Ahead of the Wythenshawe and Sale East by-election next Thursday (triggered by the death of Labour MP Paul Goggins), some in Westminster have been excitedly speculating that UKIP could win its first Westminster seat. Toby Young, for instance, recently wrote:
It will be enormously helpful if Ukip wins the forthcoming by-election in the constituency of Wythenshawe and Sale East. That is not as far-fetched as you might think, as Mike Smithson points out in this post for PoliticalBetting.com. Since 2011, Ukip have come second in five by-elections – Eastleigh, South Shields, Barnsley Central, Rotherham and Middlesbrough – and the party did well in local elections in Wythenshawe and Sale East in 2012. Last night, Lord Ashcroft tweeted that betting on the outcome of the by-election had been temporarily suspended, suggesting that the bookies were busy recalculating the odds of a Ukip victory after several large bets had been placed on precisely that outcome.
But judging by the poll just published by the prolific Lord Ashcroft, they’ll be weighing the Labour vote next week, not counting it. The survey of 1,009 voters (conducted between 3 and 5 February) puts the party in first place on 61 per cent, up 17 points since the general election and 46 points ahead of UKIP.

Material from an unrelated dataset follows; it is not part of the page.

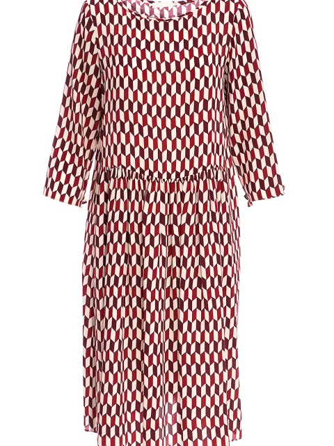 Детали: А-силуэт, круглый вырез горловины, втачной рукав длиной7/8, спущенная линия талии, юбка с мелкой сборкой, геометрический принт.

Farage’s party has more than quadrupled its vote share since 2010, leapfrogging the Tories and the Lib Dems (who will struggle to keep their deposit) in the process, but so fast has its rise been that this is no longer considered surprising. After finishing second in five by-elections since 2011, the bar is now set much higher.
Ashcroft rightly notes that “A lot can change in a week – especially the last week of a by-election campaign – and any poll is a snapshot not a forecast”. But it’s now clear that Wythenshawe isn’t going to provide UKIP with the parliamentary breakthrough it craves.